There was a lively debate on the relative merits of slow and quick chilling. Some maintained it was important to let beer mature for a while before bottling:
"Mr. Robert D. Clarke said that he was rather astonished to hear the author advocate, for the sake of economy, the running of the beer into the chillers direct from the skimming vessels. That was how he (the speaker) began nine years ago, with almost disastrous results, because the resulting beer in the bottle was absolutely without palate fulness, and had no character whatever. He never got over that difficulty until he started storing the beer in the cask for from six weeks to two months. The advantage of that was most marked, and the result was that the bottled beer was full of character, and as nearly as possible equal to the ordinary beer, bottled in the old-fashion style, with the gas generated in the bottle. He would like to hear the author's remarks on that point, because that was a very important point.

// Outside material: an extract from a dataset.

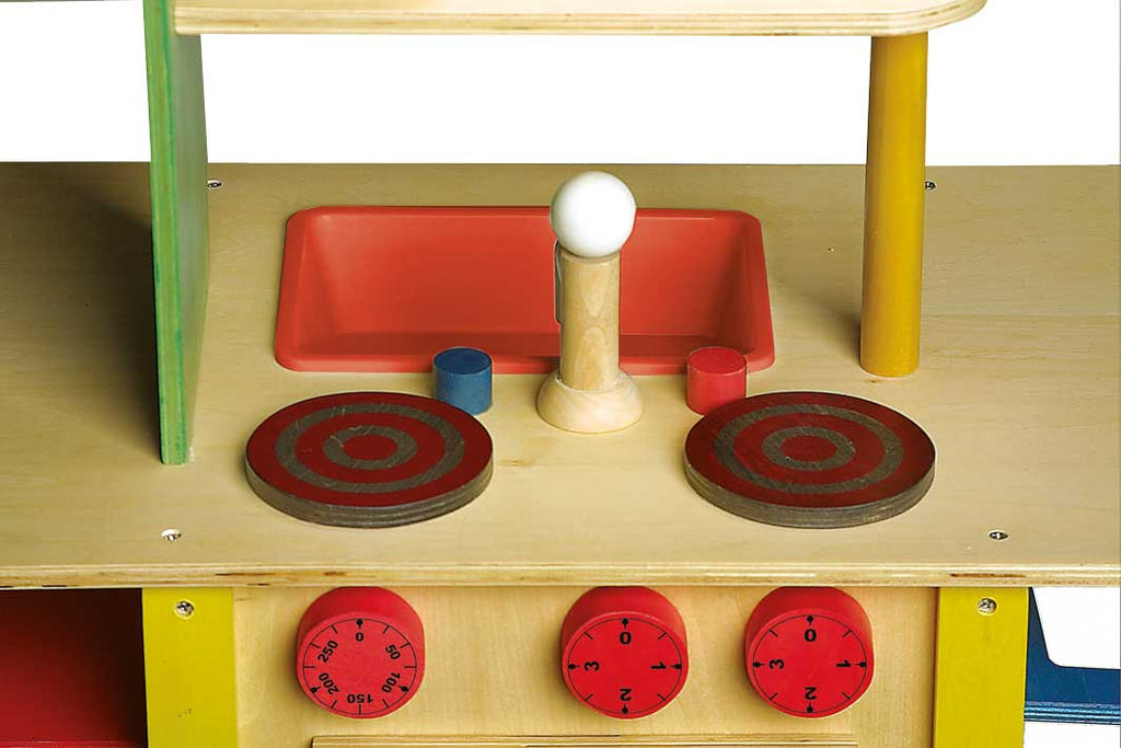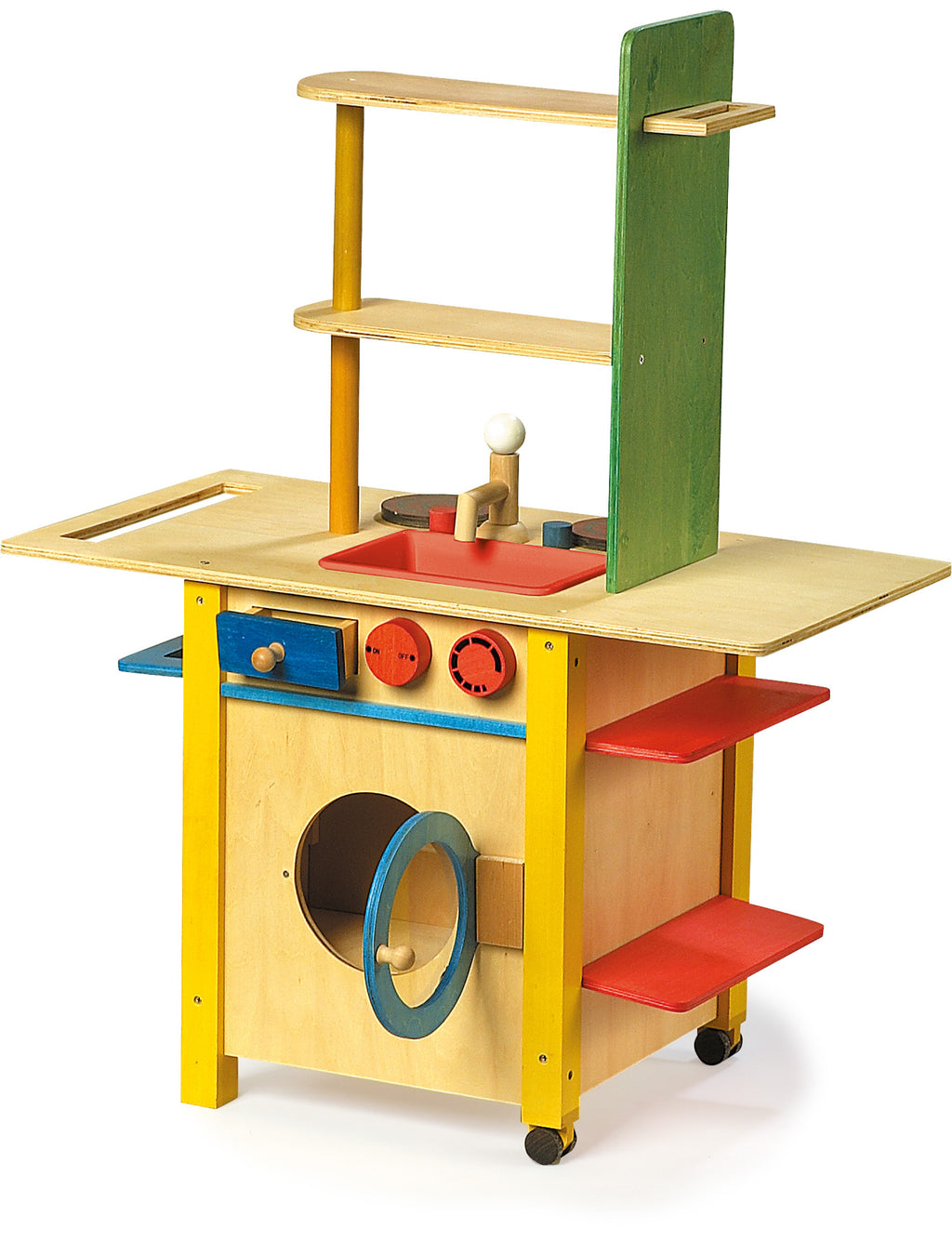 Heel leuk om op zoveel verschillende manieren te spelen. Met wasmachine, fornuis en gootsteen. Extra uitrusting voor keukengerei en theedoeken. Bedieningselementen met geluidseffect en kleppen met magneetsluitingen.

Journal of the Institute of Brewing, Volume 20, Issue 6, November-December 1914, page 526.
It's clear that many brewers thought the old method of bottle-conditioning superior when it came to flavour. Just that it was too expensive to use for everyday beers.
It wasn't just the flavour that improved by storage before chilling - it didn't throw a sediment as quickly. Something very important for brewers, as it would have effectively determined the shelflife of the beer. No-one would be a bottle with sediment in it.
"The CHAIRMAN said that he would like to know especially how long the beer should be stored before chilling. He understood that it was run down from the fermenting vessel to the tank. With regard to the difference between slow chilling and quick chilling, he believed that it was generally admitted that the slow chilling gave less reduction in the fulness of the beer, and also a longer freedom from deposit in the bottle. He would like to know whether the author's experience agreed with that. He thought that, for the annual summer trip, they might perhaps visit Bristol and see the author's plant. Mr. Clarke had suggested storing beer a certain time before chilling it, but the question arose whether the present price at which these non-deposit beers were put on the market would permit of that long storage. He had heard of a firm which sent out on the Thursday the beer brewed on the Monday, i.e., in four days, including the brewing day, fermented, chilled, filtered, and bottled. But he was not suggesting that the author's products were similarly treated."
Journal of the Institute of Brewing, Volume 20, Issue 6, November-December 1914, pages 528 - 529.
Money. That's what it was ultimately all down to. The margins were too small for maturing the beer for any length of time to be practical. Four days from mashing to bottling is incredibly short. Most beers spent at least 6 or 7 days fementing and cleansing.
Here the author, Arthur Hadley, has his say:
"With regard to the chilling of beers, it appeared to be agreed in the meeting that the slow process was slightly better. Until about 12 months ago, he would probably have agreed with that opinion, and especially on the ground that the deposit came much later than with a quick system, but at the present time they were operating a quick system, and they had found the best method to be the use of a double filter, and they had never had the slightest trouble with a deposit under the system which they adopted in allowing about six weeks.
Mr. Wilson, interposing, said that he was referring more to the flavour than to the deposit.
The Author said that the flavour would be slightly better. A very serious objection to the slow system was the higher cost, which was a very material matter."
Journal of the Institute of Brewing, Volume 20, Issue 6, November-December 1914, page 530.
So a sort of endorsement for the slow system, except for its cost. It was just too expensive, point he reiterates:
"With regard to the running from the skimming vessels he had experienced no difficulty whatever. They kept beer in the skimming vessels a day or two longer than would be done for ordinary racking, and it was pumped from the skimming vessels after about nine days for bottling purposes. With regard to storage in cask before going to chilling tanks, the cost of such a system would in the case of their own firm be absolutely prohibitive. The margin was already so small that if they had to put it into casks and keep it there several weeks before putting it into the vessels they would certainly not be able to build the new store on which they were now engaged."
Journal of the Institute of Brewing, Volume 20, Issue 6, November-December 1914, page 531.
I'm beginning to understand why non-dposit beer became the norm. It was because of demand by the public. They wanted crystal clear beer and they wanted it at a low price. They clearly weren't as worried about the beer's flavour. Had they been, they would have insisted of bottle-conditioning.